CodePudding user response:

When you need to do it multiple times, it's cleaner/easier to define your own function for converting your date format to epoch time.

printf '%s\t%s\n' \
    '2013-04-26 12:38:33'     '2013-04-27 12:38:33.757' \
    '2019-06-07 17:46:02.543' '2019-06-27 22:46:02.543' \
    '2013-02-06 12:38:33'     '2013-02-18 22:50:50' |

awk -F '\t' '

    function epoch(str,    i) {
        gsub(/[-:]/," ",str)
        return mktime(str) ((i = index(str,".")) ? substr(str,i) : "")
    }

    { print int((epoch($2) - epoch($1)) / 86400) }
1
20
12

notes:

  • mktime doesn't support floating point precision so I re-append the sub-zero part.

  • print int(float) truncates the sub-zero part of float; if your prefer a rounded output then use printf "%d%s", float, ORS

Merry Christmas!

CodePudding user response:

I'm guessing you mean a .csv file (comma-separated value)? I would use R to do this.

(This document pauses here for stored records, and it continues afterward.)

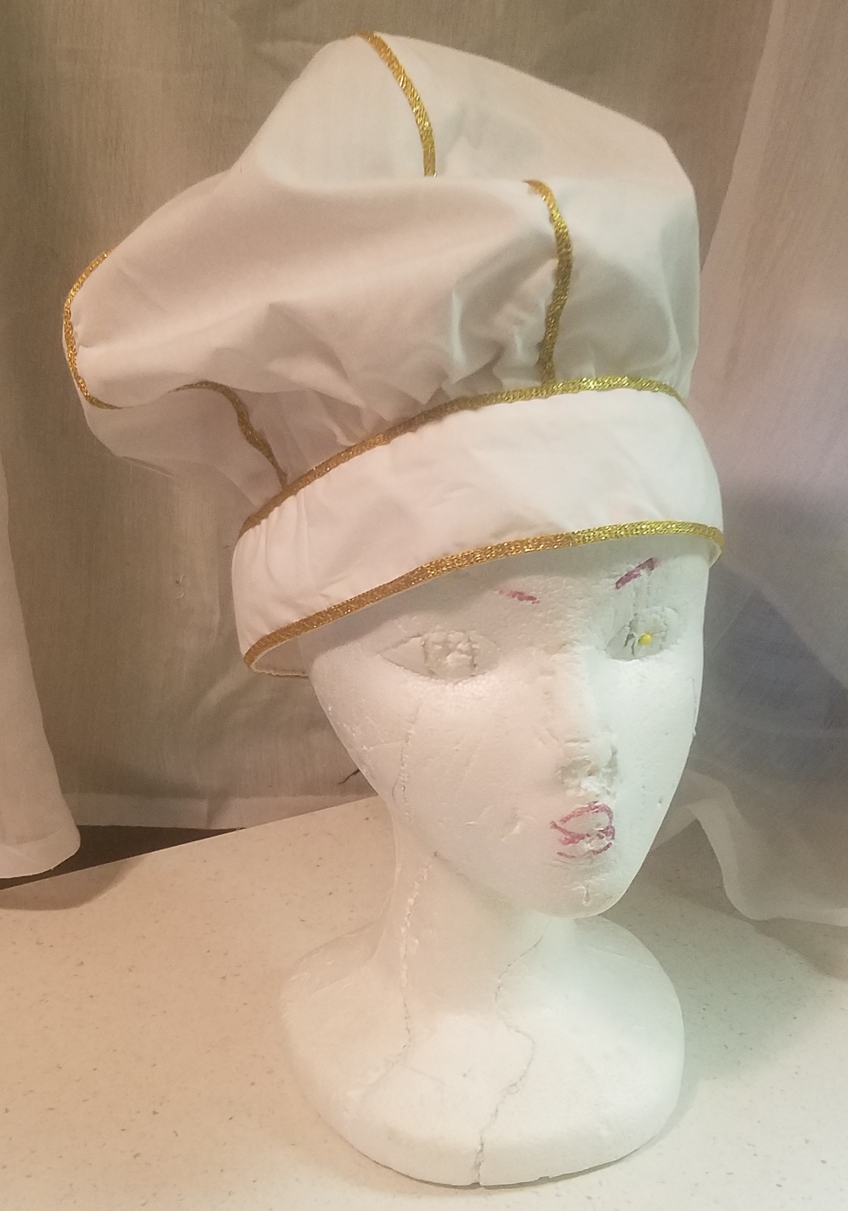white, gold; adjustable chef/baker hat; cotton poly fabric with gold trim; Toque/chef; Head Size-One Size Fits All; Hat Size-One Size Fits All
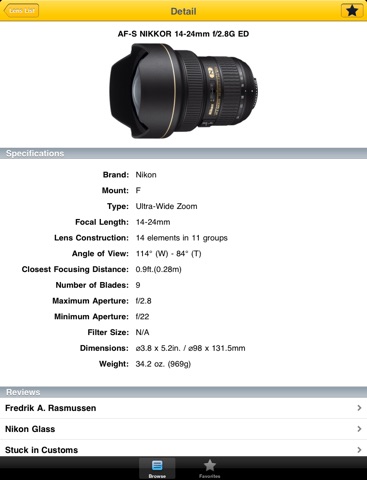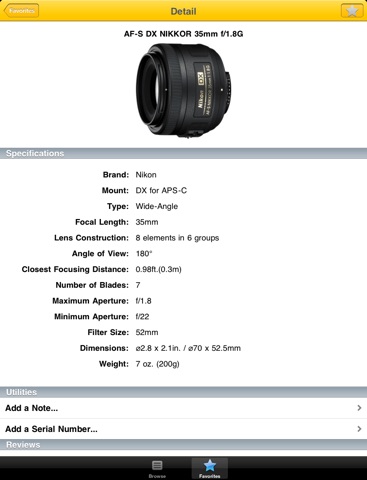 This app allows you to add lenses to a Favorites page so you can keep an inventory of what lenses you own or which lenses you want to have on your wish list. These are separated out by Own It and Wish List.
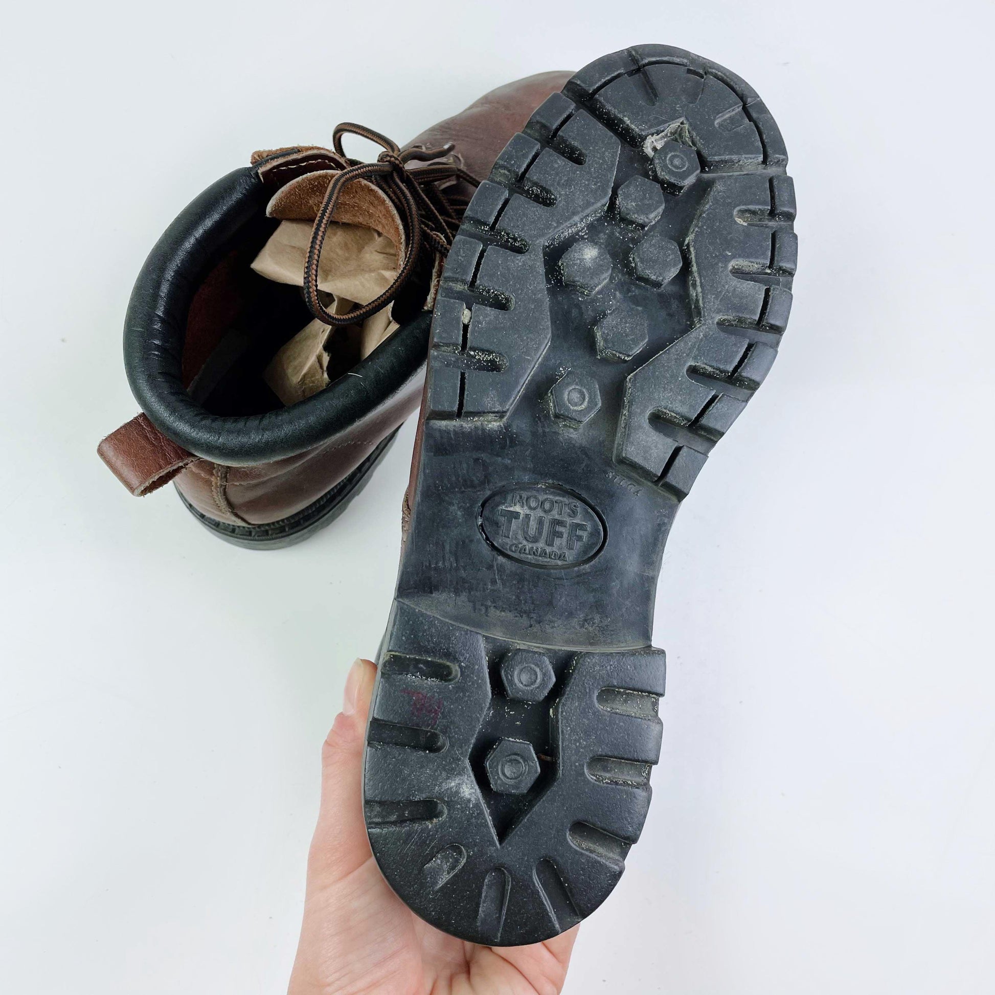vintage 00's roots tuff leather hiking boots - size 9
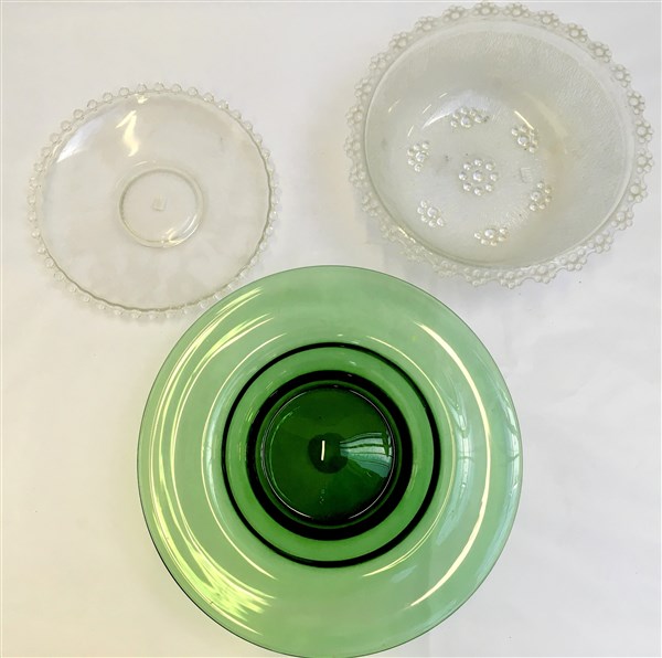 Manifatture diverse, lotto composto da un piatto verde ed un'insalatiera con piatto incolore, misure diverse
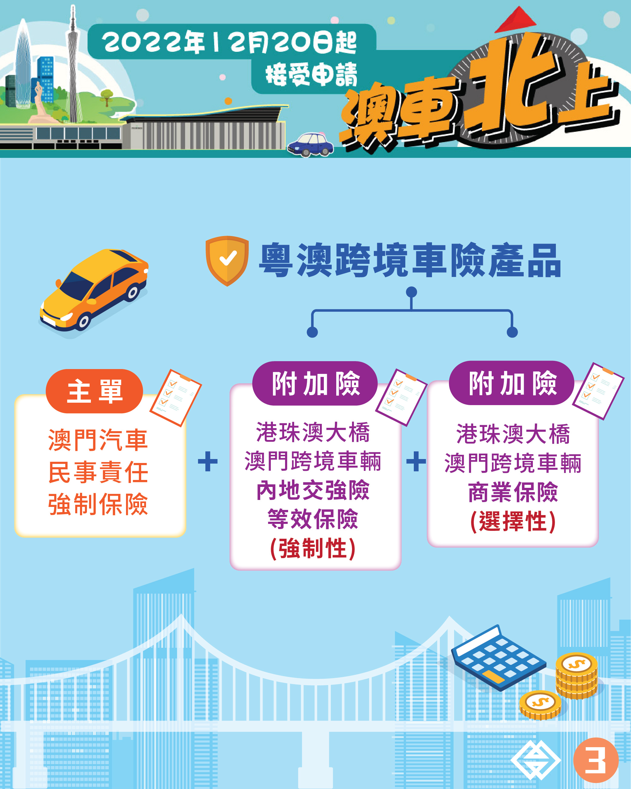 車主透過“澳車北上”信息管理服務系統作出申請的過程中,將收到短訊、電郵及系統通知,提醒上載粵澳跨境車險資料,以繼續申請流程。申請資格及手續詳情,可瀏覽交通事務局澳車北上專題網頁(https://www.dsat.gov.mo/mcars-to-gd)。
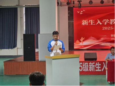 新生代表2025级王俊同学发言,表达了加入智能制造学院的荣幸与激动,并代表全体新生承诺将勤奋学习、不负韶华。
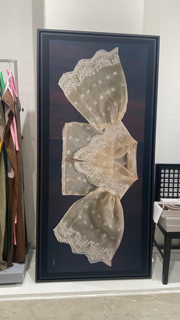 Racks and shelves of clothing on each side of the space, along with Bitagcol’s artwork, such as framed camisas, further unveil their art, from Ivarluski’s unisex separates to Jo Ann’s updated classics. This highlights the designers’ exceptional work and meticulous attention to detail.
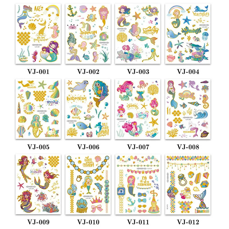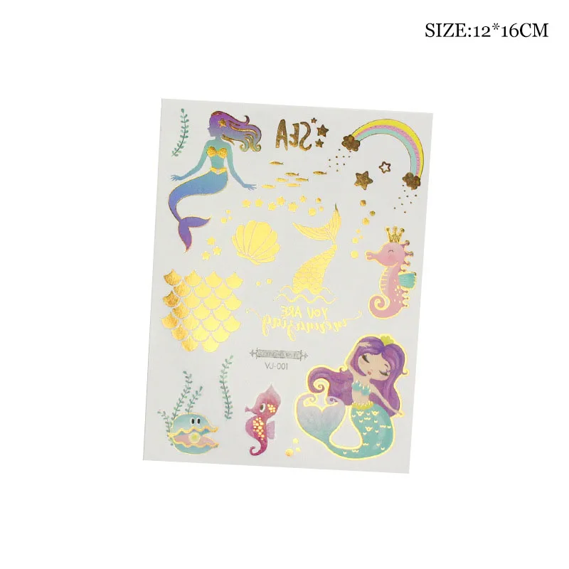 Русалки бронзового цвета с блестками и изображениями героев мультфильмов; Наклейки для временных татуировок детская декор в виде золотистых металлических тела для временных татуировок Русалка на день рождения вечерние
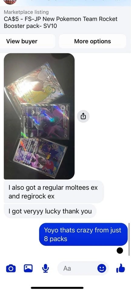 Sealed JP Team Rocket booster packs from Japan Pokemon Center and convenience stores. $5/pack, please feel free to let me know how many packs you need. Few people have had good pulls already, time to get yours! Can mainly meet at IKEA Coquitlam area and Aberdeen skytrain station area.
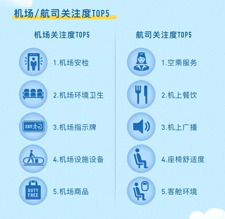 报告显示,在最受关注的航司排行榜上,东航、南航、国航、海航分列前四。在机场关注维度上,除机场安检毫无意外的占据机场关注度的榜首外,机场环境卫生、机场指示牌、机场设施设备,甚至就机场商品等元素也成为人们对机场满意度的重要指标。
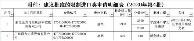 2020年3月7日,固廢中心公布的2020年第4批限制進(jìn)口類(lèi)申請(qǐng)明細(xì)表顯示,審核通過(guò)廣東通力定造股份有限公司廢紙核定進(jìn)口總量為0.0510萬(wàn)噸。其中浙江金龍?jiān)偕Y源科技股份有限公司為2020年第110號(hào)證書(shū)利用單位更名。
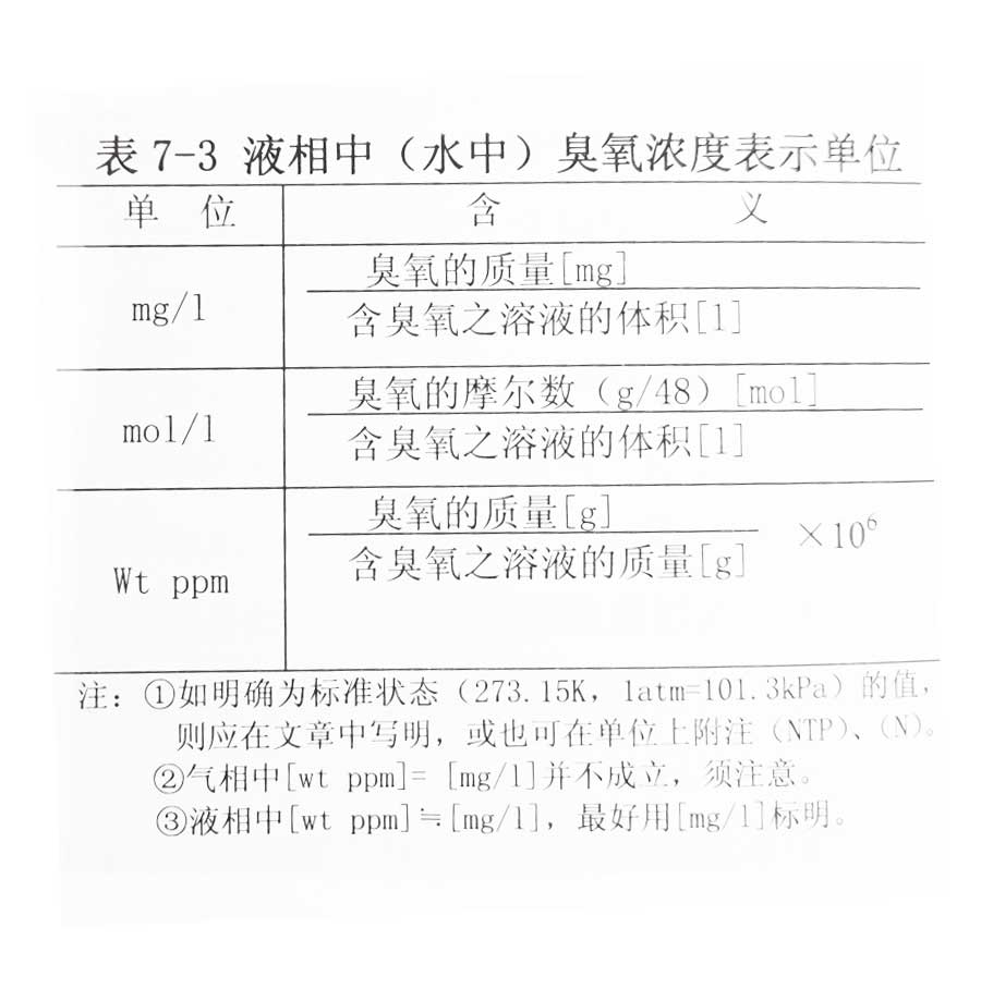液相中臭氧濃度表示單位
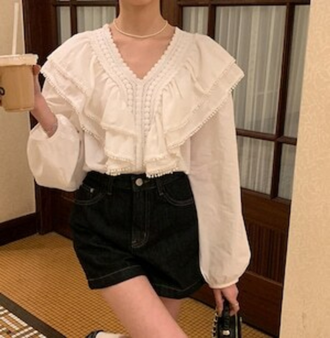 トップス レディース ブラウス 白トップス カットソー プルオーバー Vネック 長袖 フリル襟 レース ビッグカラー 大人可愛い きれいめ シンプル カジュアル 大人 上品 おしゃれ お洒落 存在感 かっこいい 大人女子 ラブリー キュート ガーリー ルーズ こなれ感 抜け感 ふんわり 体型カバー レイヤード ワンサイズ フリーサイズ 白 ホワイト 無地 春 秋 10代 20代 30代 40代 50代 60代 通学 学生 お出かけ 休日 旅行 イベント 普段使い デイリー 韓国 オルチャン
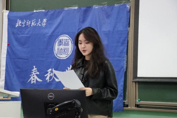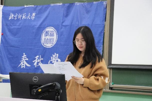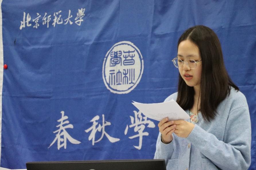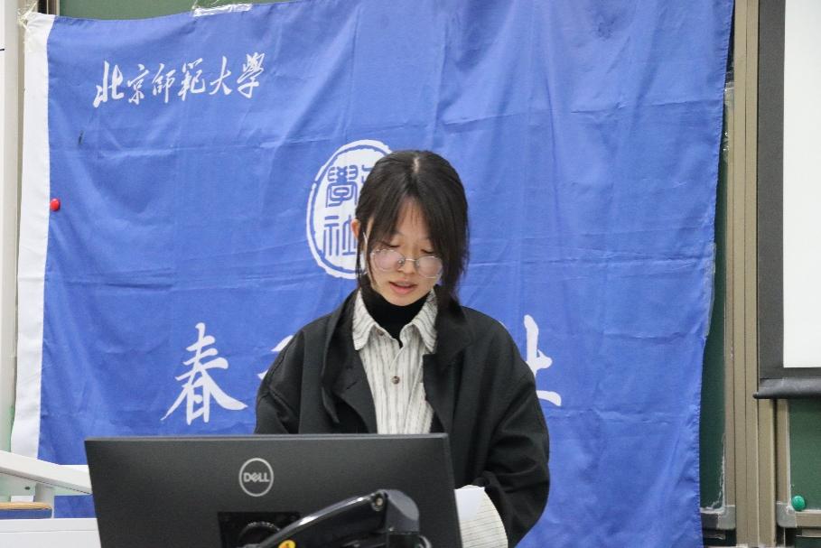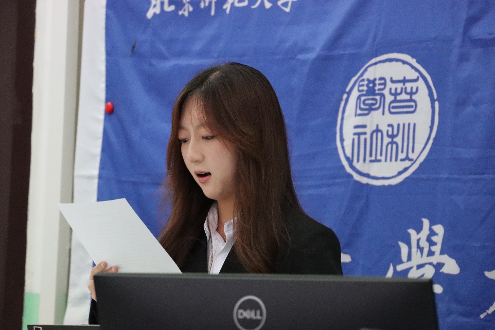 最后,社长江怡慧同学进行了发言。她回顾了自己三年来在学社的成长与收获,从最初怀着对历史学的热爱加入学社,到通过积极参与各类学术活动不断提升专业能力、深化学术兴趣。在这段难忘的旅程中,她特别感恩学社这个充满历史底蕴和人文温度的大家庭给予的滋养,希望大家在社团工作中始终怀抱对历史学的热忱,传承学社友爱互助的精神,共同书写春秋学社更精彩的明天。
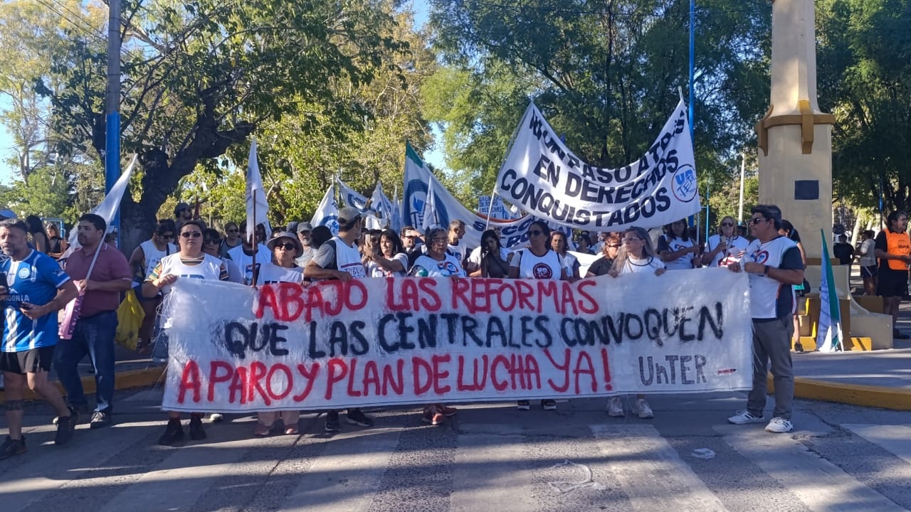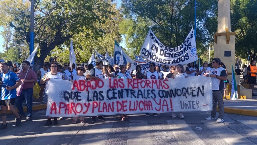 El primer turno fue en Viedma. Mientras Weretilneck conseguía en la Legislatura el apoyo de toda la oposición —incluido el peronismo— para aprobar un Presupuesto 2026 de ajuste, en las calles se realizaba una concentración de unas 600 personas convocada por las tres centrales sindicales. Participaron sindicatos de la CGT y las CTA, junto a ASSPUR, sectores estudiantiles, jubilados, ambientalistas. Las conducciones leyeron un documento único que denunció la reforma laboral, aunque sin mencionar el paro nacional.
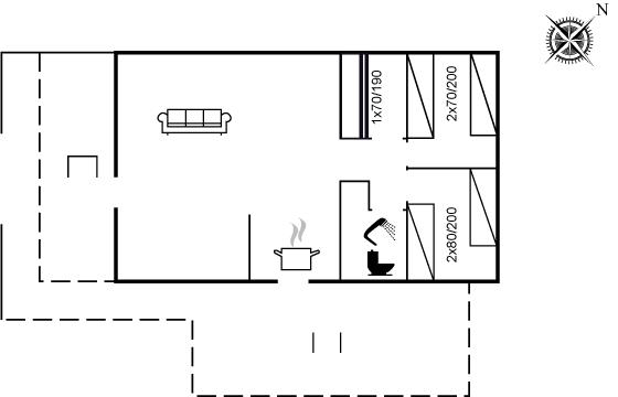 Sommerhuset egner sig til 6 personer. 2 af sovepladserne er kun egnet til større børn (4-11 år). Ferieboligen er på 60 m² og er bygget i 1988. Det er ikke tilladt at medbringe husdyr. Frysekapacitet på 10 liter. Der er desuden brændeovn. Til de små er der 1 stk. barnestol.
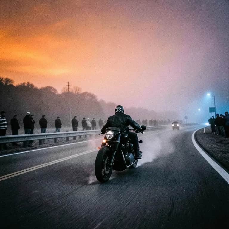 [Verse 1] Black vest, blacked-out bike Chrome teeth grin in the moonlight Skull mask cover my cold eyes Whole crew buzzin' like a beehive (yeah) Middle finger up to the turnpike We don't slow down for the blue lights Long Island look like a war zone Every back road feel like home [Chorus] Middle finger high when we roll out (roll out) Whole bar freeze when we stroll out (stroll out) Harley screamin', chaos causing, we don't hide They get quiet when they see us outside Middle finger high when we roll out (hey!) You can feel the floor start to fall out If you scared of us, better stay inside We the storm you pray just rides by [Verse 2] Walk in, doors swing, sound dies Pool cue pause in a stranger's hand Tat ink peek from the short sleeves You can taste that tension in the cheap cans Boots hit floor, then the lanes part No smile sittin' in a hard jaw If you talk slick, better talk smart 'Cause pride cut deeper than the bar brawl [Chorus] Middle finger high when we roll out (roll out) Whole bar freeze when we stroll out (stroll out) Harley screamin', chaos causing, we don't hide They get quiet when they see us outside Middle finger high when we roll out (yeah!) You can feel the floor start to fall out If you scared of us, better stay inside We the storm you pray just rides by

If you install R (it is a free as in beer download), you should get the Rscript command with it, then you can can use the as.Date() method and do this from the command line or a script

Rscript -e 'as.Date("2013-04-27 12:38:33.757") - as.Date("2013-04-26 12:38:33")'
Time difference of 1 days

Dealing with dates and time differences is devilishly complicated.